Problem details:
Output the whole listing below exactly, omitting the images.

(Given information)

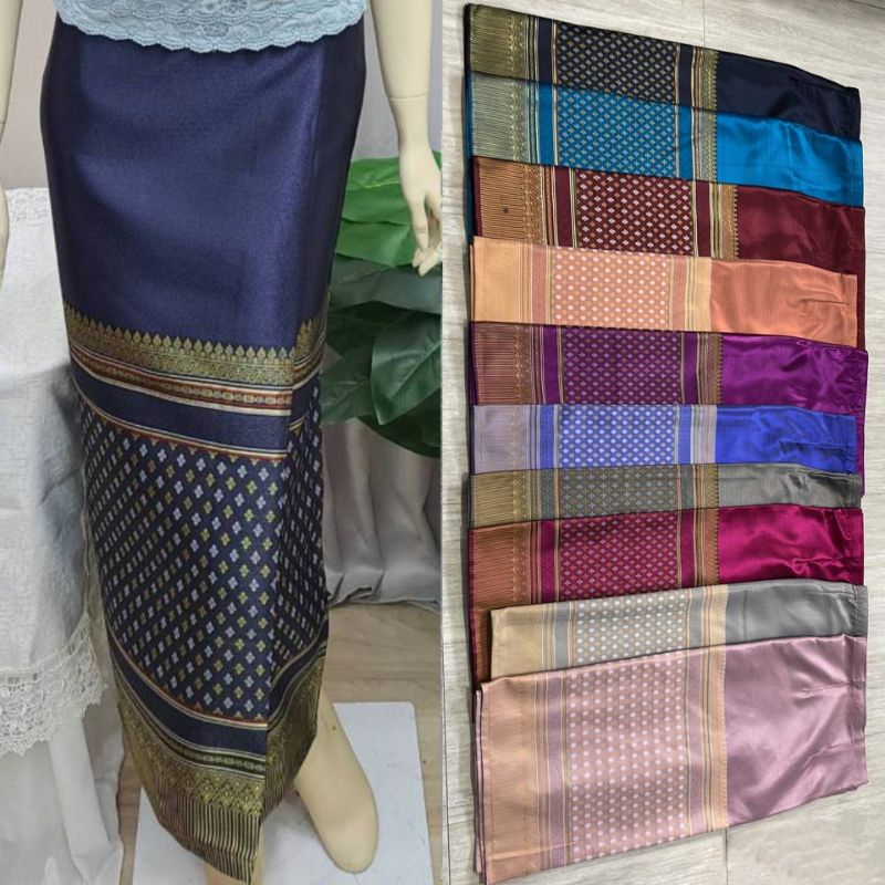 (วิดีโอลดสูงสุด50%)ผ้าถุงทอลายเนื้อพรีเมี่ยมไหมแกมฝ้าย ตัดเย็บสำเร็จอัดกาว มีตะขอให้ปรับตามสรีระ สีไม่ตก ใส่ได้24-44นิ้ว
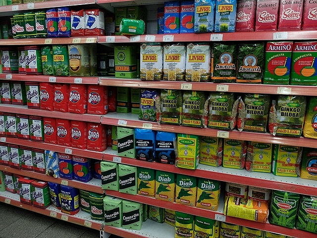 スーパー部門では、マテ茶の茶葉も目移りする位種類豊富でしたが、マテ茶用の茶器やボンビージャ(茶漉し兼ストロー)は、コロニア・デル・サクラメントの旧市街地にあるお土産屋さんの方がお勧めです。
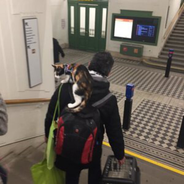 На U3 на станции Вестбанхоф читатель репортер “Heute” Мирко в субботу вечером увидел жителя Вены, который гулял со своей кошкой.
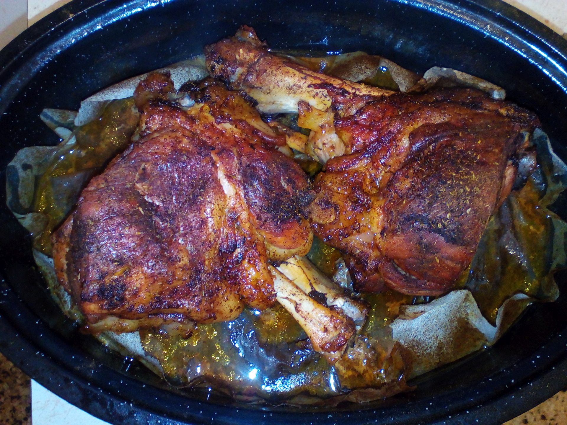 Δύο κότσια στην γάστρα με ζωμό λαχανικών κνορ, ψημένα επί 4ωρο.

(End Given information)

Exercise result:
 (วิดีโอลดสูงสุด50%)ผ้าถุงทอลายเนื้อพรีเมี่ยมไหมแกมฝ้าย ตัดเย็บสำเร็จอัดกาว มีตะขอให้ปรับตามสรีระ สีไม่ตก ใส่ได้24-44นิ้ว
 スーパー部門では、マテ茶の茶葉も目移りする位種類豊富でしたが、マテ茶用の茶器やボンビージャ(茶漉し兼ストロー)は、コロニア・デル・サクラメントの旧市街地にあるお土産屋さんの方がお勧めです。
 На U3 на станции Вестбанхоф читатель репортер “Heute” Мирко в субботу вечером увидел жителя Вены, который гулял со своей кошкой.
 Δύο κότσια στην γάστρα με ζωμό λαχανικών κνορ, ψημένα επί 4ωρο.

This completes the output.